Write out again, exactly as they appear, the lines from the start of the data below through the line with "6-Pack Champion Men's"; no pictures.

*** Records ***

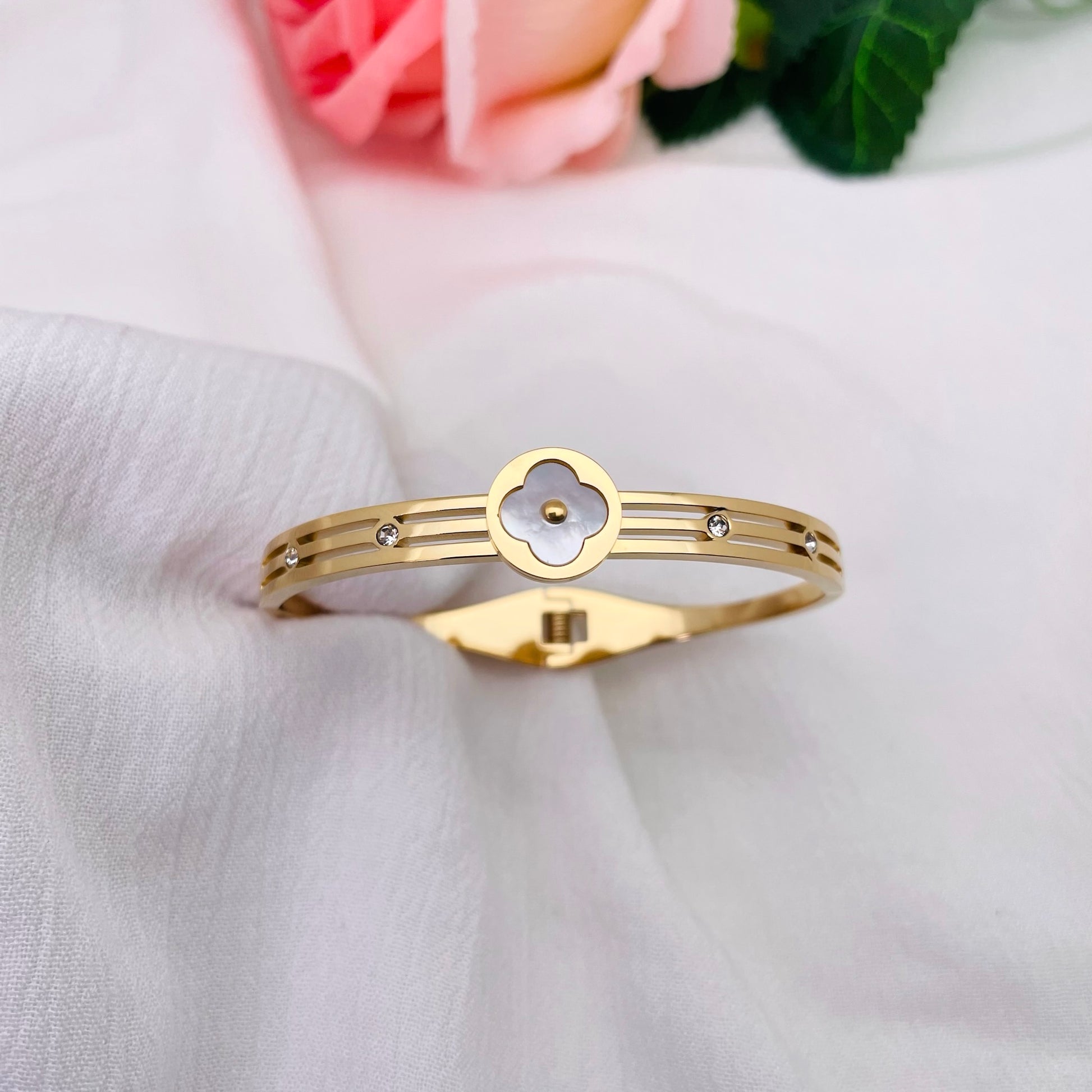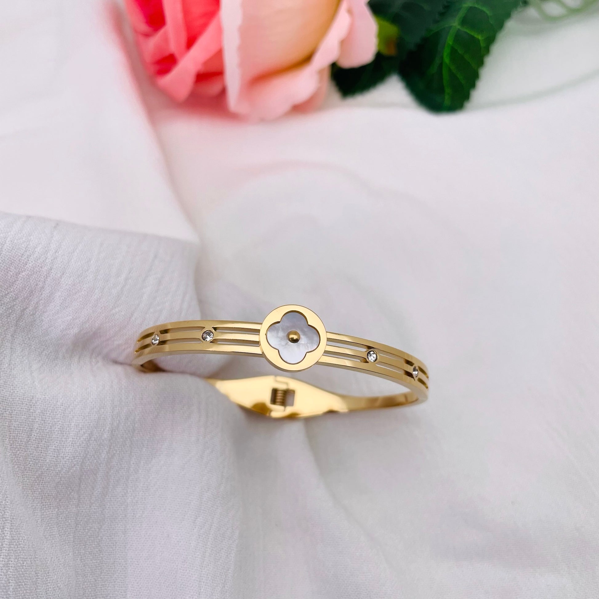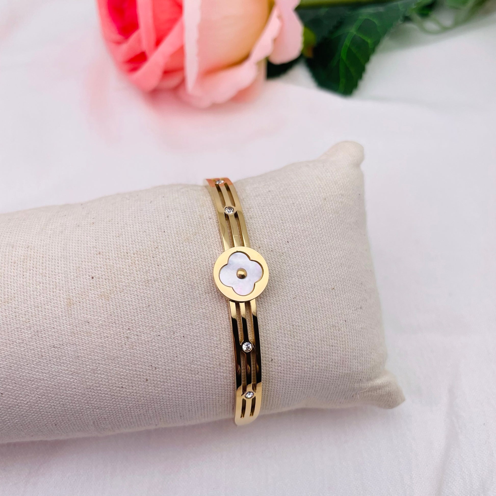 ♡Bracelet jonc motif trèfle et strass en acier inoxydable
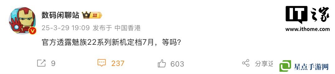 本站 3 月 29 日消息,博主@數(shù)碼閑聊站 發(fā)文,稱“官方透露魅族 22 系列新機(jī)定檔 7 月”,不過其暫未公布系列手機(jī)具體規(guī)格信息。
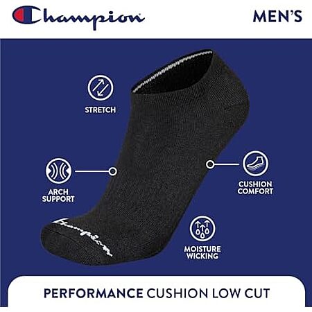 6-Pack Champion Men's Low Cut Breathable Moisture-Wicking Athletic Socks
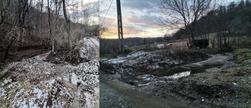 Peste pârâu era de ani buni un podeţ din lemn. S-a stricat, iar în locul lui autorităţile din localitate au pus două tuburi din beton, care s-au umplut de crăci şi bolovani şi ce a mai adus apa de pe dealurile din zonă, aşa că au fost scoase. Improvizaţiile au fost la ordinea zilei la trecerea peste pârâul respectiv, iar problemele nu au continuat să apară.
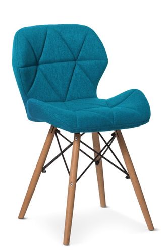 Krzesło Andre II Niebieskie - Eleganckie, proste krzesło o nowoczesnej formie, wprowadza zupełnie nową jakość i funkcjonalność. Siedzisko tapicerowane wytrzymałą tkaniną z charakterystycznym wzorem trójkątów.
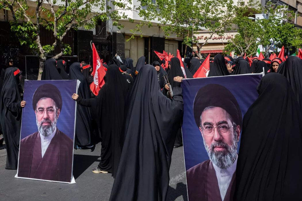 周五,伊朗政府支持者在德黑兰举行集会,人们手持新任最高领袖穆赫塔巴·哈梅内伊的海报。
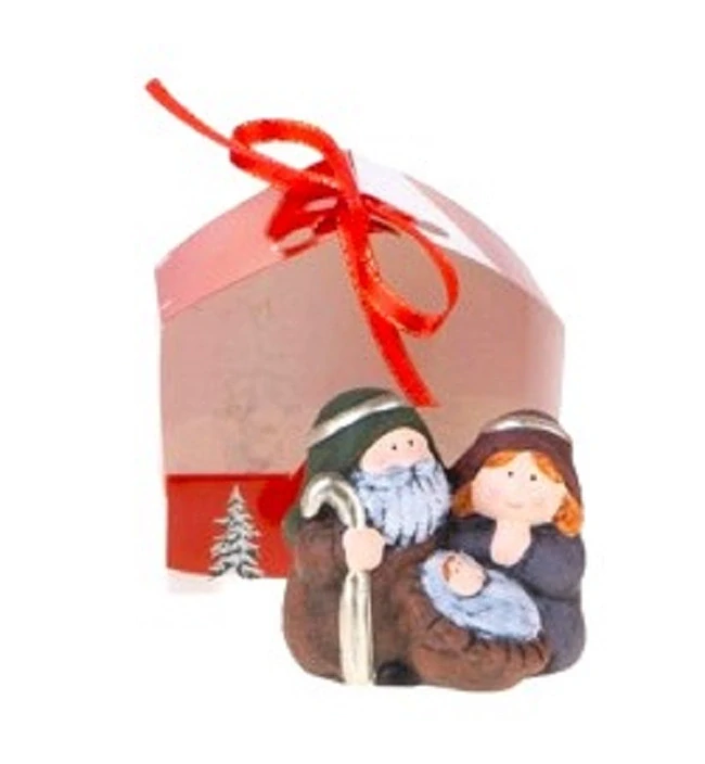 Keramický Betlém v kartonovém domečku.
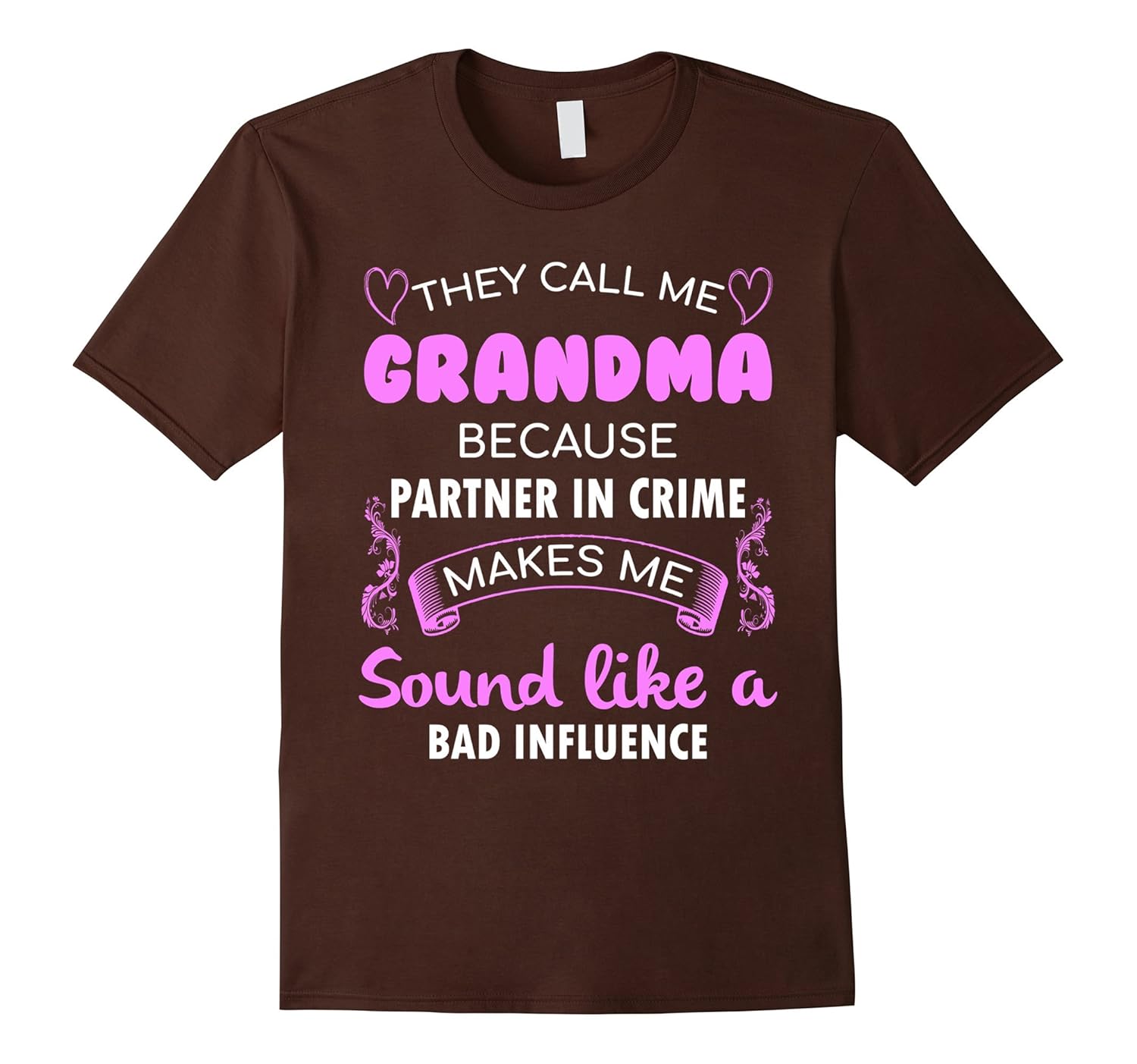 Solid colors: 100% Cotton; Heather Grey: 90% Cotton, 10% Polyester; All Other Heathers: 65% Cotton, 35% Polyester, Imported, Machine wash cold with like colors, dry low heat, They Call Me Grandma Because Partner In Crime Makes Me Sound Like A Bad Influence, Lightweight, Classic fit, Double-needle sleeve and bottom hem
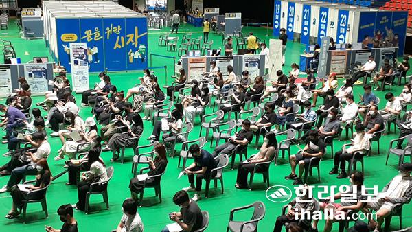 제주지역에서 55~59세 연령층 및 코로나19 고위험군에 대한 백신 접종이 26일부터 시작되면서 제주시 한라체육관에 마련된 예방접종센터가 붐비고 있다. 강희만기자
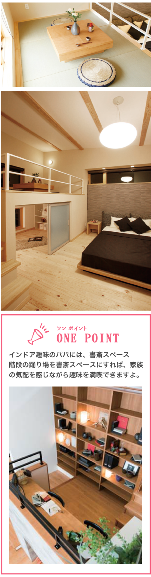 寝室の一角にステップフロアを設けて畳コーナーに。居酒屋気分でハイボール片手に夫婦の会話が弾みます♬たまには夫婦二人の時間もいいですよね。
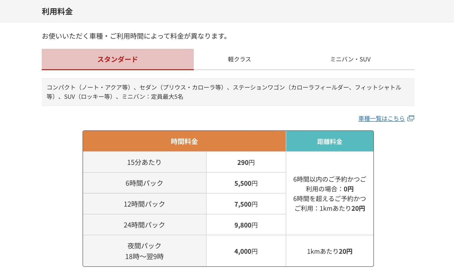 旅行で1〜2日程度利用する際もガソリン代が発生しない分、レンタカーより安く利用できることが多いです。(時期やどこで利用するか次第な部分もあります。)
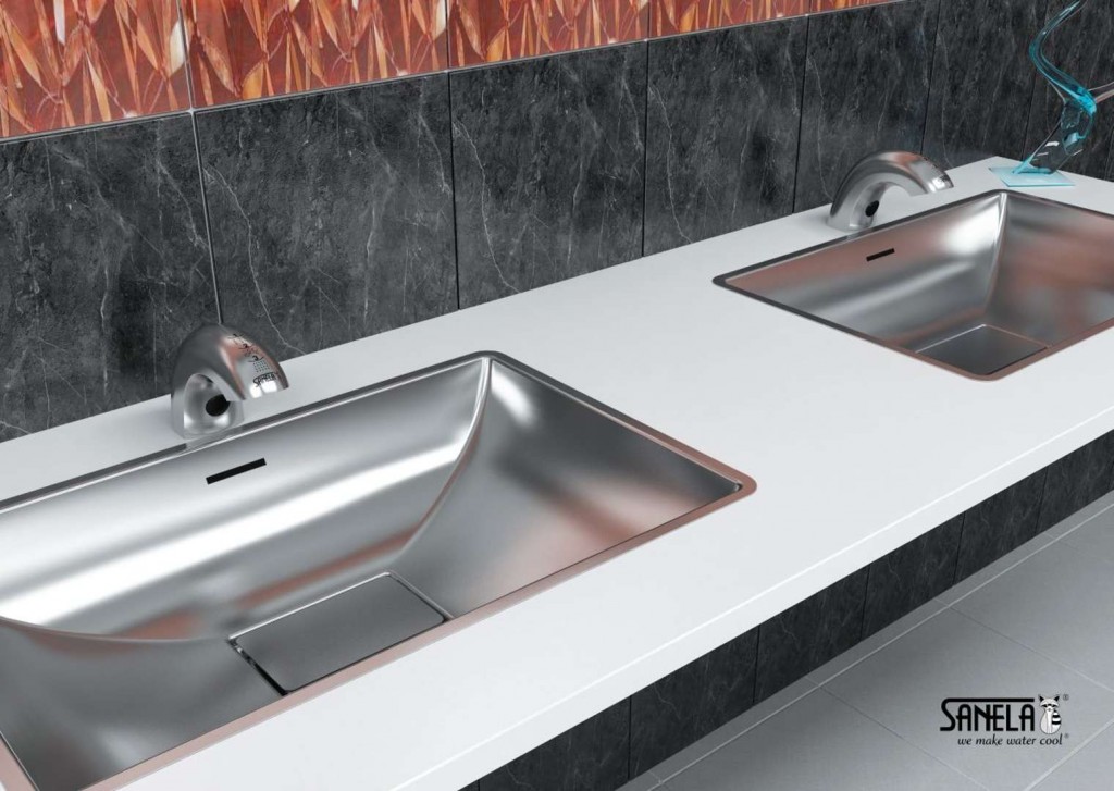 batéria SLU 01NH je stojanková automatická umývadlová batéria určená pre pripojenie k ohrievaču pod umývadlom, reaguje na prítomnosť rúk v snímanej zóne do vzdialenosti 0,3 m od snímača okamžitým spustením vody

***

### Task answer
 ♡Bracelet jonc motif trèfle et strass en acier inoxydable
 本站 3 月 29 日消息,博主@數(shù)碼閑聊站 發(fā)文,稱“官方透露魅族 22 系列新機(jī)定檔 7 月”,不過其暫未公布系列手機(jī)具體規(guī)格信息。
 6-Pack Champion Men's Low Cut Breathable Moisture-Wicking Athletic Socks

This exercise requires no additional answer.